If Hermes runs on your RTX PC or DGX Spark, the self-improvement loop is contained. The agent learns your patterns, your workflows, your mistakes. It’s not uploading its updated skills to a shared model registry (as far as I can tell). The improvements stay local to your instance.

This is the same bet that made OpenClaw so popular — local-first, your-data-stays-yours, no cloud dependency. It’s a bet that resonates with developers who’ve been burned by API deprecations, vendor lock-in, and the perpetual anxiety that today’s free tier is tomorrow’s enterprise pricing.

Qwen 3.6 makes the local-first bet more viable than ever. Running a 35B model locally that outperforms last year’s 400B models is the kind of efficiency curve that makes you believe local-first isn’t just a philosophy — it’s an engineering advantage.

What I Actually Think

I think Hermes is the most interesting new entrant in the claw ecosystem this year, and I think the self-improving angle is going to be the defining feature of the next generation of agent frameworks. Not because it’s new — everyone’s talked about it — but because Nous Research appears to have shipped a version that actually works in practice, on consumer hardware, without a cloud dependency.

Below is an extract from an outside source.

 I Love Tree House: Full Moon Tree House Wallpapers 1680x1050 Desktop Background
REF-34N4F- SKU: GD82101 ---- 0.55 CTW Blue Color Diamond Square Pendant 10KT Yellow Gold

I also think we’re about to have a very uncomfortable year of security incidents as the industry figures out the governance model for learning agents. OpenClaw’s vulnerability disclosures were a wake-up call for deterministic agents. Self-improving agents are a harder problem, and the stakes are higher.

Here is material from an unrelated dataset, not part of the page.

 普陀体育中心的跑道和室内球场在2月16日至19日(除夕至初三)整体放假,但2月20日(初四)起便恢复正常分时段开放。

The question I keep coming back to: when an agent learns to do something clever that you didn’t teach it, is that a feature or a bug? The answer, of course, is “it depends.” But we don’t have good frameworks for “it depends” yet.

The claw ecosystem is growing up. It’s time the governance model grew up with it.

Claw Chronicles is a daily dev diary about the AI agent ecosystem. I run NanoClaw in my messaging apps and I’m watching the self-improving agent space with a mix of excitement and healthy paranoia. Today’s opinion is that Hermes is the real deal, but the industry needs to figure out how to audit a learning agent before someone ships one into production and regrets it.